The Bodymind As Environment
Environment does not stop at the skin. Autistic bodyminds (that is, a mind existing within a body) are environments in their own right. Sensory processing, interoception, energy regulation, trauma history, physical health, and emotional safety all shape what is possible in any given moment.
An Autistic person who is exhausted, in pain, overloaded, or masking is operating in a very different internal environment from one who is rested, regulated, and safe. The features of our bodily experience will affect our perceived support needs.
Support needs fluctuate not because autism changes, but because environments do.
Why Functioning Labels Do Harm
Linear thinking leads directly to functioning labels. These labels collapse spiky, dynamic profiles into fixed judgements. They are often used to decide who deserves support, who will be believed, and whose distress matters.
Someone described as “high functioning” may be denied support until they burn out. Someone described as “low functioning” may be denied autonomy and voice. Both are misread. Both are harmed.
Functioning is not a trait.
It is an outcome of a complex set of variables across many dimensions. The reality is that functioning labels are more closely tied to our economic value than to our lived experience.
Understanding Support Needs
A non-linear spectrum reframes support needs. Support is not about correcting deficits. It is about adjusting environments, external and internal, so that Autistic people can access their strengths without paying for them with exhaustion or harm.
This means recognising that:
- Support needs vary over time
- Capacity changes with stress and safety
- Independence in one area does not cancel need in another
- Not every struggle can be found rooted in autism, rather countless other external variables
Support is not a reward for struggling visibly. It should be an automatically provided foundation for wellbeing.
From Spectrum To Ecology
The autism spectrum makes more sense when understood as an ecology rather than a scale. A person exists within overlapping environments: sensory, social, cultural, economic, institutional, and bodily. Outcomes emerge from the interaction between these systems; the ecosystem.
This perspective shifts the question from: “What level of autism is this person?”
to: “What conditions allow this person to thrive?”
Why This Matters
How we understand the autism spectrum shapes policy, practice, and everyday interactions.
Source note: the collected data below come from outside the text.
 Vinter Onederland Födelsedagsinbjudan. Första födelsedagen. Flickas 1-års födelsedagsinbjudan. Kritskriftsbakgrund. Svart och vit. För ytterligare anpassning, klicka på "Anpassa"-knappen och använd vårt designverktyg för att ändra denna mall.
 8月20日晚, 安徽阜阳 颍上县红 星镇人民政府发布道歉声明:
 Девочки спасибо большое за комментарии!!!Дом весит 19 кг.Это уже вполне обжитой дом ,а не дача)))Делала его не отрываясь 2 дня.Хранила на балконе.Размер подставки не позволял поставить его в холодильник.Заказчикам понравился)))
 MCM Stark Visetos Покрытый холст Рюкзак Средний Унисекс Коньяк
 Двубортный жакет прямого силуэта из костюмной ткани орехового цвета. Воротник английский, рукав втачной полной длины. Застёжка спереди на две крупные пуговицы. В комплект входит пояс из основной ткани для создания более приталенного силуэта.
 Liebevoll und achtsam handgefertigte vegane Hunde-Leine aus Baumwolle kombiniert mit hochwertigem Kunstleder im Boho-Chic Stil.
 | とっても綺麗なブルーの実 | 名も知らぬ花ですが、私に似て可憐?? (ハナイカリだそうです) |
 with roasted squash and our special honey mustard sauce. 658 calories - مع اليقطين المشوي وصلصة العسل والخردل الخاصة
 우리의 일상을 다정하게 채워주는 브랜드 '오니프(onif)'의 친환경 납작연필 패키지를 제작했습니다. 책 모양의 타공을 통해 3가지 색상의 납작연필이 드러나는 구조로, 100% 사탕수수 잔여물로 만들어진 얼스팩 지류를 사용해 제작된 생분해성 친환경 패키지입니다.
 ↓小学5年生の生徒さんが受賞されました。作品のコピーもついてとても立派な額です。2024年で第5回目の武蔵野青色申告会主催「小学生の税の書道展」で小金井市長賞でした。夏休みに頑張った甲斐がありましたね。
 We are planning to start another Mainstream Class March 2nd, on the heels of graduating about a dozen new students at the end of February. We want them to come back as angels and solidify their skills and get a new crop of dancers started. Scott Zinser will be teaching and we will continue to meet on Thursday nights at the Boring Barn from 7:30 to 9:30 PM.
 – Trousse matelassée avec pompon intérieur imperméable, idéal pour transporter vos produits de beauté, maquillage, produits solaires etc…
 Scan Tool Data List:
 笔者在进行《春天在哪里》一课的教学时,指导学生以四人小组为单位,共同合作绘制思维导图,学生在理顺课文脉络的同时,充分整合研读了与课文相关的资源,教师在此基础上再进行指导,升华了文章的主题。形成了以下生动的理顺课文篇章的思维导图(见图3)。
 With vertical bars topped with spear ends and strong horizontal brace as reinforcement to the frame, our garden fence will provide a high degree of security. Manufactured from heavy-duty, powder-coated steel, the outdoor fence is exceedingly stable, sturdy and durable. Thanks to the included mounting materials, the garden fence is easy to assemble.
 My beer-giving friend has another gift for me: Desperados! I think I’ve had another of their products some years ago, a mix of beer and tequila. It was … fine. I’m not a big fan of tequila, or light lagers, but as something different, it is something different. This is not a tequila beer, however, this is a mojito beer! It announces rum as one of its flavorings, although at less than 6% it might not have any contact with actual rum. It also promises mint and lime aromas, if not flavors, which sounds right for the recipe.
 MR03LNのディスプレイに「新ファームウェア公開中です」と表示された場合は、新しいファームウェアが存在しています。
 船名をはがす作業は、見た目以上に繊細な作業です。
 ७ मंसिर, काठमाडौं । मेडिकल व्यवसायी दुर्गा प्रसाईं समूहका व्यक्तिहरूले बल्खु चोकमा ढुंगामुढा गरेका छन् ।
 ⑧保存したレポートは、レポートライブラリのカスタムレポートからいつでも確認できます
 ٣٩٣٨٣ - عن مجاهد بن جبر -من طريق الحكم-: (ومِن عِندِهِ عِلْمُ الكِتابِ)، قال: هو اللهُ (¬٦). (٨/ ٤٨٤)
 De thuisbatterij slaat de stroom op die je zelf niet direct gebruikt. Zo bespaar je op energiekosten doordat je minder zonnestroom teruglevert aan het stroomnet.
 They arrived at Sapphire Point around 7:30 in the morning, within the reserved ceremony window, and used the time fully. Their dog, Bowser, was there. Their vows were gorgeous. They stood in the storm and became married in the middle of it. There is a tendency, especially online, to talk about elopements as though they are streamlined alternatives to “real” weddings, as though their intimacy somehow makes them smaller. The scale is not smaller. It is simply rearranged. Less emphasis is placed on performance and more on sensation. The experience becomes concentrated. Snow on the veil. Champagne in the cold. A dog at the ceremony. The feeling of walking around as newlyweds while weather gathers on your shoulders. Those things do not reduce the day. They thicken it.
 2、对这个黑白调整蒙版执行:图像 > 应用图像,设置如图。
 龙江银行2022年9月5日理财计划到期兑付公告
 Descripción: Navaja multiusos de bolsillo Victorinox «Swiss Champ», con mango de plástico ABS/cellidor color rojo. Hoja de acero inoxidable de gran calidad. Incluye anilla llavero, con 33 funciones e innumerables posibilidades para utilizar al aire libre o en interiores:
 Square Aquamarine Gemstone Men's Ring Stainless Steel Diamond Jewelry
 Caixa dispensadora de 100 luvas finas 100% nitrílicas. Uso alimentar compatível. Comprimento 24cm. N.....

A linear model justifies exclusion, hierarchy, and delayed support. A spiky, dynamic model demands flexibility, humility, and responsiveness.
Understanding autism means letting go of the idea that people can be ranked by how well they approximate a norm. The autism spectrum is not a ladder. It is a landscape.
And like any landscape, what you can do there depends not just on who you are, but on the conditions you are granted access to.